> [AVAILABLE DATA]

╔══

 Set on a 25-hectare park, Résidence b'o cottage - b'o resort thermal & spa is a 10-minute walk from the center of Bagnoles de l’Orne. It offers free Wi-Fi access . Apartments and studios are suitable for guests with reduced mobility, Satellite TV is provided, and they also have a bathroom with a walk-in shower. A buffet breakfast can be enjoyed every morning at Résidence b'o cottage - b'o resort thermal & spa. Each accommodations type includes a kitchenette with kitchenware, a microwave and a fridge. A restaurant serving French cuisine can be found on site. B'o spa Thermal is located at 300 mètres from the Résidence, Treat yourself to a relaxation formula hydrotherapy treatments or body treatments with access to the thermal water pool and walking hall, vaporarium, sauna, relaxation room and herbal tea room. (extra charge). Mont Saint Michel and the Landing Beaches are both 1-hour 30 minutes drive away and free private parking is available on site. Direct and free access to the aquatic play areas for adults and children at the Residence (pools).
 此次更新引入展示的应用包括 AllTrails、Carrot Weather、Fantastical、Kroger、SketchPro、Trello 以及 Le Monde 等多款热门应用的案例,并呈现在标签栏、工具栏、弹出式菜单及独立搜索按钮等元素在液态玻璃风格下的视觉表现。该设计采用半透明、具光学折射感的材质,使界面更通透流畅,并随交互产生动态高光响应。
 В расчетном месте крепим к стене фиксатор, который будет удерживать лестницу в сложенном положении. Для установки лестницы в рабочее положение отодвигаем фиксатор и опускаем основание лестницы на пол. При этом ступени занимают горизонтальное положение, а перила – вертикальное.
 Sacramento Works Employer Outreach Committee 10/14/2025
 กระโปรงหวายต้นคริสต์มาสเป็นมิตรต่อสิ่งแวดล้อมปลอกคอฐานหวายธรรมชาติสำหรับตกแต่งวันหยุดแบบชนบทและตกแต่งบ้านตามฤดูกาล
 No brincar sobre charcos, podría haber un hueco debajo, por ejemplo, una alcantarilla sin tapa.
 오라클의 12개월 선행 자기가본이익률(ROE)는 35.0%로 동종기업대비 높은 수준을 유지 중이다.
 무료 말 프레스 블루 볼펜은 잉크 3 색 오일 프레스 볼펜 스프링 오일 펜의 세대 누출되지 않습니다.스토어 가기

╚══

> [EXERCISE DIRECTIONS] What is needed is an exact retyping of every line from the one containing "No brincar sobre" through the final line of the entries, and only those lines.

> [SOLUTION BELOW]
 No brincar sobre charcos, podría haber un hueco debajo, por ejemplo, una alcantarilla sin tapa.
 오라클의 12개월 선행 자기가본이익률(ROE)는 35.0%로 동종기업대비 높은 수준을 유지 중이다.
 무료 말 프레스 블루 볼펜은 잉크 3 색 오일 프레스 볼펜 스프링 오일 펜의 세대 누출되지 않습니다.스토어 가기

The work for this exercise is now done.